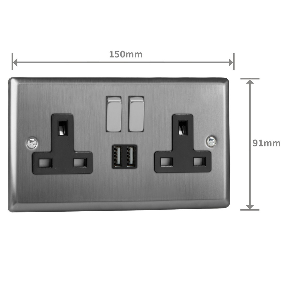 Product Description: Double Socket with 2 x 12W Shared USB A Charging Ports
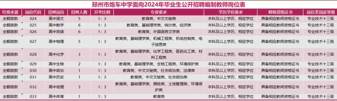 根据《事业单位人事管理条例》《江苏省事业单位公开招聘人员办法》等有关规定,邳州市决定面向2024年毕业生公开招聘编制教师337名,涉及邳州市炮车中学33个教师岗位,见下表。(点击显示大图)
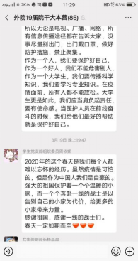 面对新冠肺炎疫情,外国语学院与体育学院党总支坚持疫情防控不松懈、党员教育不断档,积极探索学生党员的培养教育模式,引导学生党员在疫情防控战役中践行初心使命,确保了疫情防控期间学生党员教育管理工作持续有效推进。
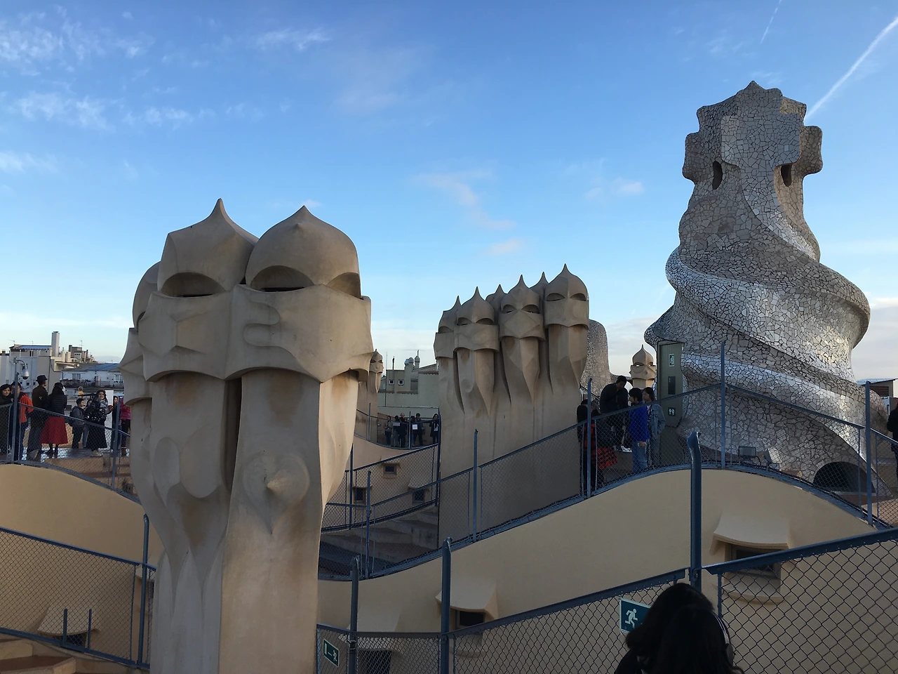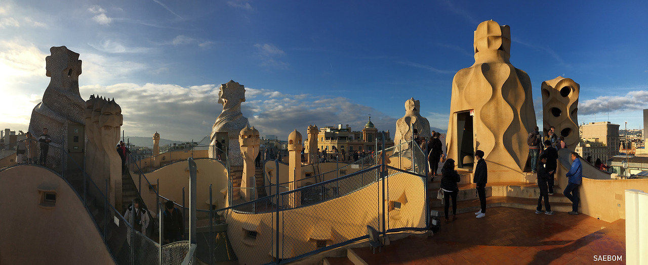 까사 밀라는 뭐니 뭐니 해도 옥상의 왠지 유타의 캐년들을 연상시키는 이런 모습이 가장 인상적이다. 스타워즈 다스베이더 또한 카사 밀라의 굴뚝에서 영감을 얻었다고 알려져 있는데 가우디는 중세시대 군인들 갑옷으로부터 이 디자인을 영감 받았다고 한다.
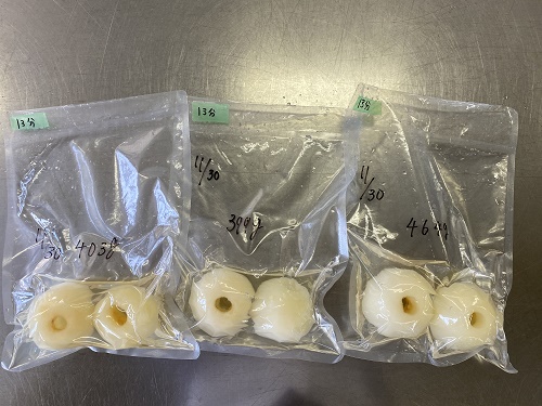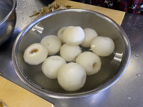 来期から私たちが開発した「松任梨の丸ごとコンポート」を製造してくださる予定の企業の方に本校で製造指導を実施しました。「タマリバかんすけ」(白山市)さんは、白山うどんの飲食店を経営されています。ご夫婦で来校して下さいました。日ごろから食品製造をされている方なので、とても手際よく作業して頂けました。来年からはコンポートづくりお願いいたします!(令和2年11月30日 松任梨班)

**Your instructions**
Repeat only what runs from the first line of the records above to the line with "面对新冠肺炎疫情,外国语学院", both included, word for word, minus the pictures.

**Answer space**
 Product Description: Double Socket with 2 x 12W Shared USB A Charging Ports
 根据《事业单位人事管理条例》《江苏省事业单位公开招聘人员办法》等有关规定,邳州市决定面向2024年毕业生公开招聘编制教师337名,涉及邳州市炮车中学33个教师岗位,见下表。(点击显示大图)
 面对新冠肺炎疫情,外国语学院与体育学院党总支坚持疫情防控不松懈、党员教育不断档,积极探索学生党员的培养教育模式,引导学生党员在疫情防控战役中践行初心使命,确保了疫情防控期间学生党员教育管理工作持续有效推进。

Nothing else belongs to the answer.